'Ghost In the Shell' Shows Hollywood's Ugly Relationship With Asian Characters

'Ghost In the Shell' Shows Hollywood's Ugly Relationship With Asian Characters

Yellowface is never cool.

Earlier this year, Scarlett Johansson was announced to be cast as the leading role in the upcoming film adaption of the anime "Ghost In the Shell." Immediately, the casting fell into controversy, with many fans disappointed in the casting of a white woman as the protagonist. Namely, because she has been cast as Major Motoko Kusanagi, a cyborg detective working in futuristic Tokyo.

The controversy was recently revived when Paramount Studios released a look at Scarlett Johansson as the Major. As if that wasn’t enough to stir the pot, sources close to the production revealed that there had been attempts to digitally alter ScarJo into looking more Asian. This immediately resulted in accusations of yellowface in addition to whitewashing, with “S.H.I.E.L.D” actress Ming-Na Wen and “Fresh Off the Boat” star Constance Wu voicing their dissatisfaction with the casting choices.

There have been some arguments defending the casting of Johannson, including the fact that the character of Motoko Kusanagi’s status of a cyborg supposedly transcends race. Others have moved that the casting of Scarlett Johansson has not whitewashed the character, because the designs within the source material – and anime in general — seem to be plenty whitewashed already.

I don’t try to claim what the intentions are behind the highly stylized designs in Japanese animation –mostly because, you know, I’m not Japanese. However, Kotaku already published an interesting article surrounding the wide-eyed, purple haired aesthetics involved in anime. And there is already plenty of discourse surrounding the potential Westernizing of character designs. But honestly, when I’m watching a show involving characters with Japanese names speaking in Japanese living in a Japanese city in Japan, I’m going to assume that maybe, just maybe, the pink-haired chick is most likely Japanese.

Either way, attempting to justify the casting of ScarJo as the Major is flawed in that it treats the casting of a white person in an originally Asian role as an isolated incident. Unfortunately, this is not so; this year also came with the announcement that Netflix was producing an adaption of the Death Note manga with “Paper Towns” star Nat Wolff as Light Yagami.

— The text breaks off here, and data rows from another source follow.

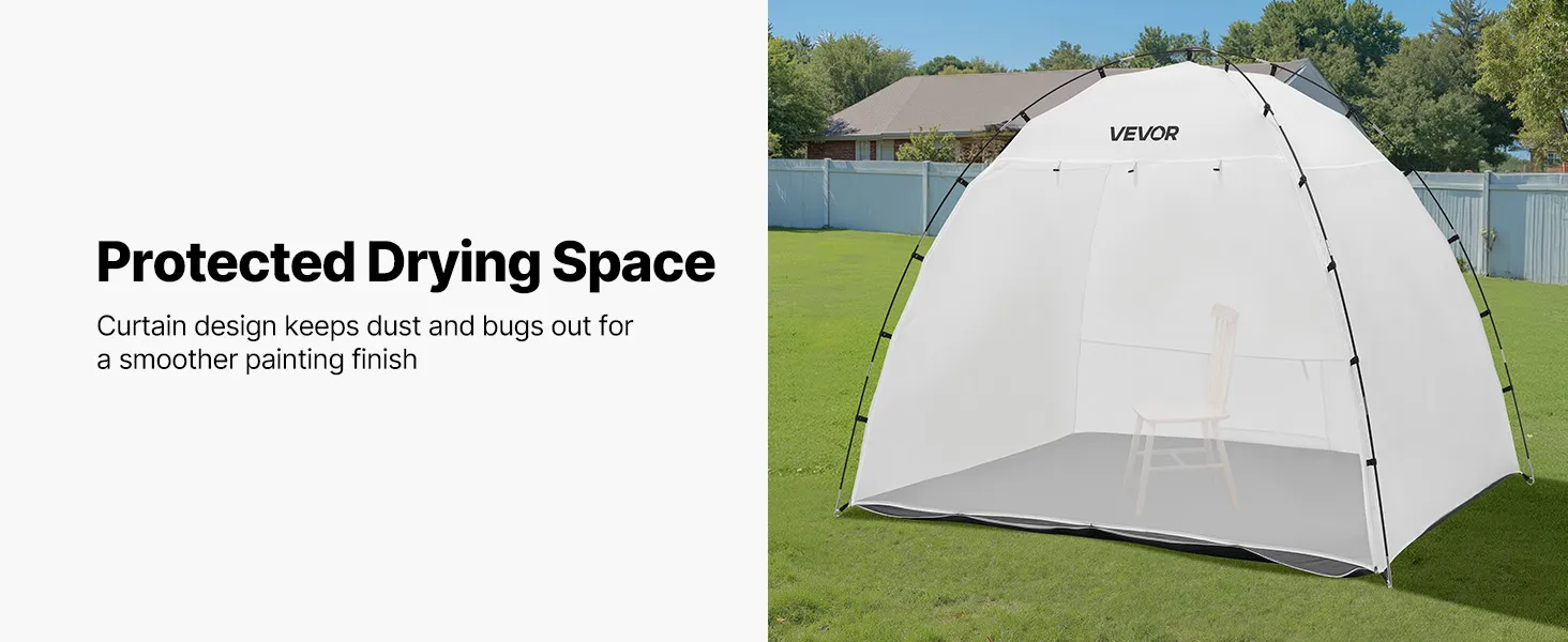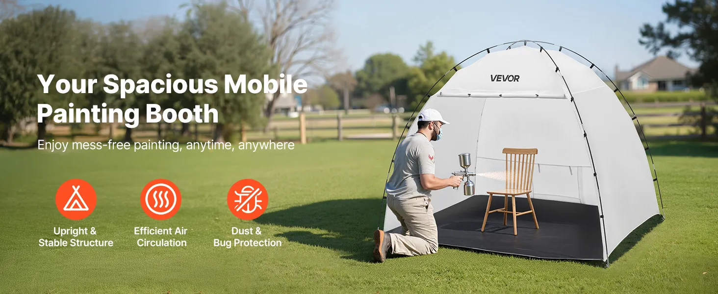 Prenosná lakovacia kabína obsahuje kolíky stabilizujúce vietor, sieťové dvere, ktoré sa rolujú a zaisťujú pomocou popruhov, a dvojvrstvové zipsy vyrobené na dlhú životnosť, ktoré zabezpečujú stabilnú a bezproblémovú prevádzku.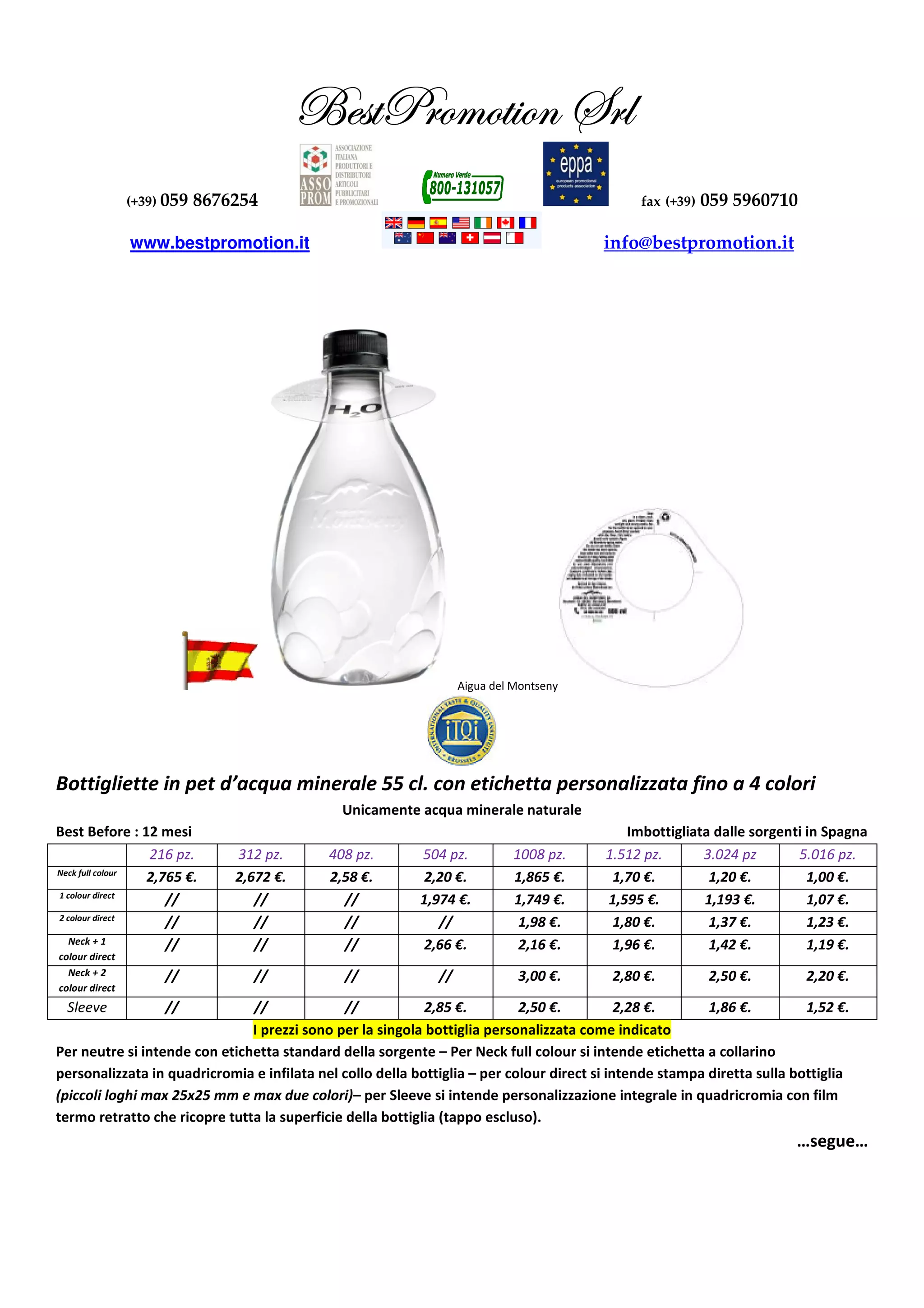 Il documento descrive le bottiglie di acqua minerale da 55 cl con etichetta personalizzata, fornendo informazioni sui prezzi per diverse opzioni di personalizzazione. Le bottiglie sono disponibili in varie quantità e il prezzo è fornito per unità, esclusa l'IVA. Inoltre, viene chiarito il processo di pagamento e le condizioni di consegna, inclusi i costi per la consegna diretta a eventi.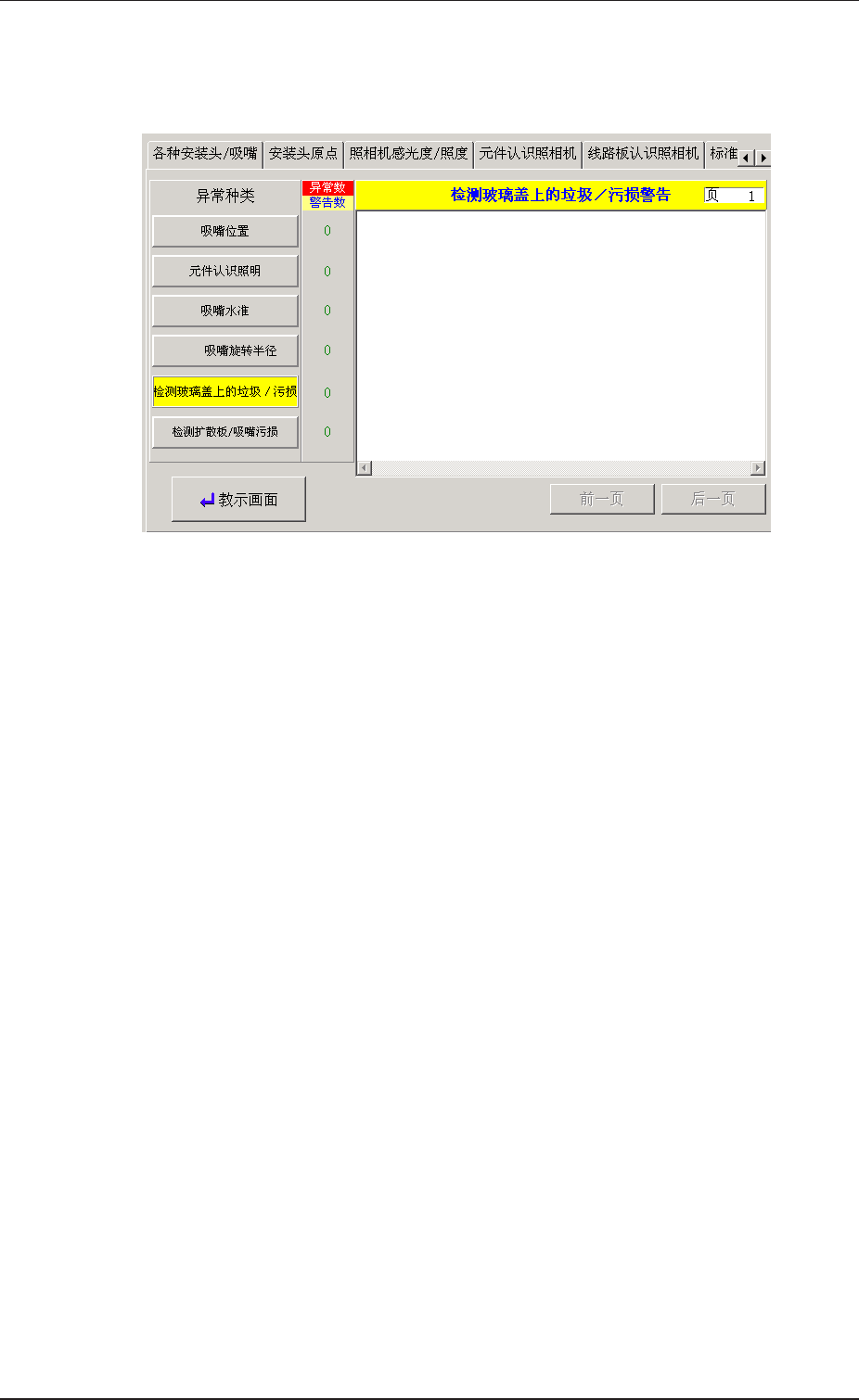 按异常种类按钮,显示对应该按钮种类的教示异常信 息。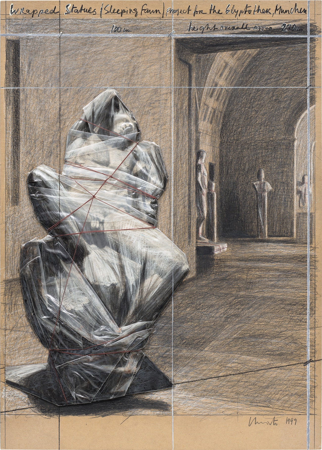 signed and dated 'Christo 1999' lower right; titled 'Wrapped Statues, Sleeping Fawn, Project for the Glyptothek, Munich' upper edge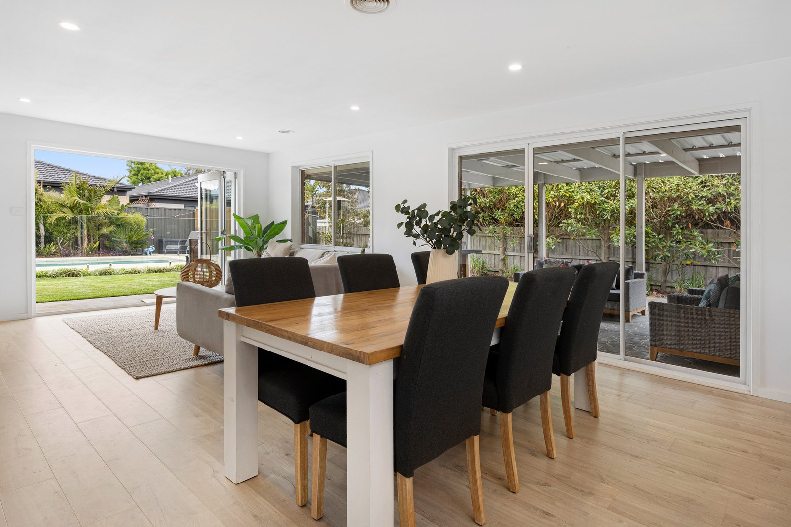 Inside, the stunning new kitchen forms the showstopping centrepiece of the home, featuring extensive stone benchtops, premium appliances and a walk-in pantry. An adjoining open plan dining area flows out to a covered terrace with room for alfresco dining and outdoor lounging, while the lounge area has concertina doors opening out to lawns and a sparkling inground pool and pool pod.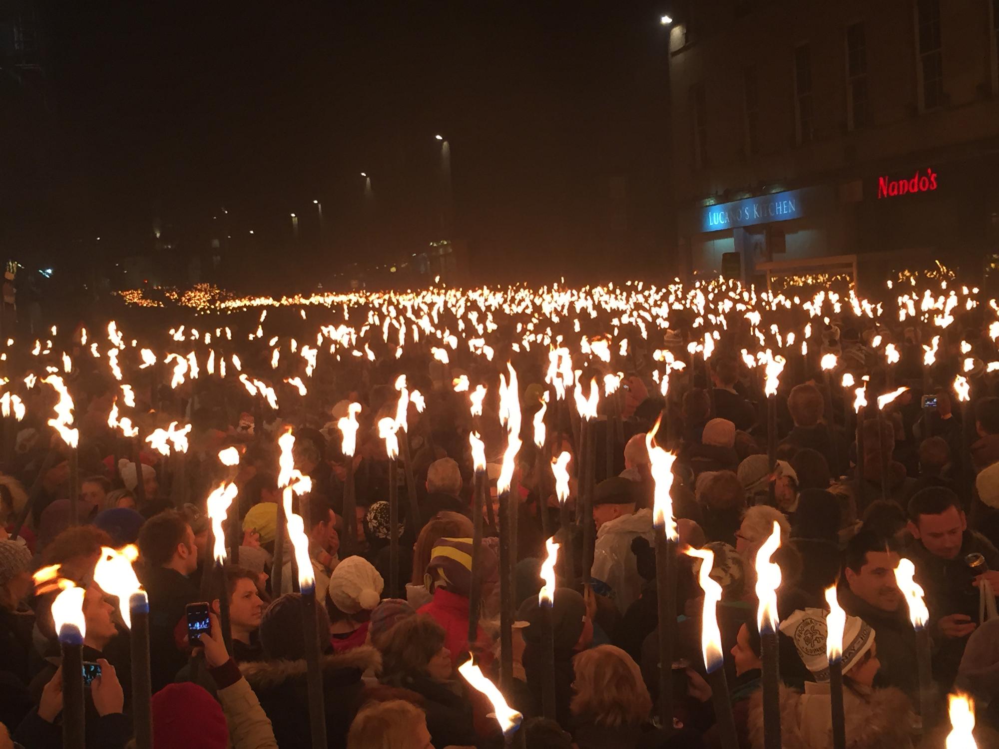 Новый Год решено было отмечать в Эдинбурге – столице Шотландии. И выбор этот не случаен. Дело в том, что Hogmanay (празднование Нового Года) для шотландцев – это самый большой праздник в году! Торжества начинаются заранее, самое зрелищное из них – это факельное шествие, заполняющее улицы старого Эдинбурга 30 декабря. Каждый желающий может принять участие в шествии, заранее купив факел. В этом году шествие собрало порядка 30 тысячи участников – огненная река постепенно текла по старинным мостовым, создавая непередаваемую мистическую картину, объединяющую сотни и тысячи людей с разных уголков земли. Весь путь процессию сопровождают барабанщики и трубачи, а заканчивается всё свето-звуковым и пиротехническим шоу. 31 декабря Эдинбург – это большая концертная площадка с живой музыкой, именитыми диджеями, разнообразными развлечениями, трансляциями на гигантских экранах, пабами и барами под открытым небом. Мы купили билеты на 2 закрытые площадки – первая была с традиционными шотландскими танцами под волынку - кейли, и я никогда не думала, что плясать под волынку настолько весело, хотя у каждого танца есть свой рисунок, который музыканты терпеливо и доходчиво объясняли со сцены. Вторая площадка представляла собой огромную сцену в саду, где на разогреве исполнялись мировые поп-хиты, а хэдлайнером была озорная Лили Ален. Должна отметить, что на закрытых площадках не такая толкотня и давка, чувствуешь себя увереннее и защищённее от 70-тысячной толпы собравшихся гостей. В первые секунды Нового года с холма, на котором стоит знаменитый Эдинбургский замок, бьют потрясающей красоты салют! Все поздравляют друг-друга, танцуют и поют! Эдинбург нам очень понравился - это город-история, город-легенда, одетый в знаменитую шотландскую клеточку и неспешно живущий под звуки волынки.

In order to understand the Internet uproar, it should be understood that Hollywood has a very ugly history surrounding its treatment of Asian characters and storylines.

Stories with Asian settings and characters have always had a place in Hollywood films. The 1944 war film “Dragon Seed” told the story of a Chinese village during the Second Sino-Japanese War. The 1956 epic film “The Conqueror” detailed the exploits of the infamous Mongol warlord, Genghis Khan. The 1931 film “Charlie Chang Carries On” followed the adventures of Chinese-American detective Charlie Chang. In each of these instances however, the Asian protagonists were portrayed by white actors in yellowface. “Dragon Seed,” though supposedly telling the story of a Chinese village, had a white majority cast. To add insult to injury, actress Aline MacMahon was later nominated for an Oscar for her role as Lin Tang’s wife.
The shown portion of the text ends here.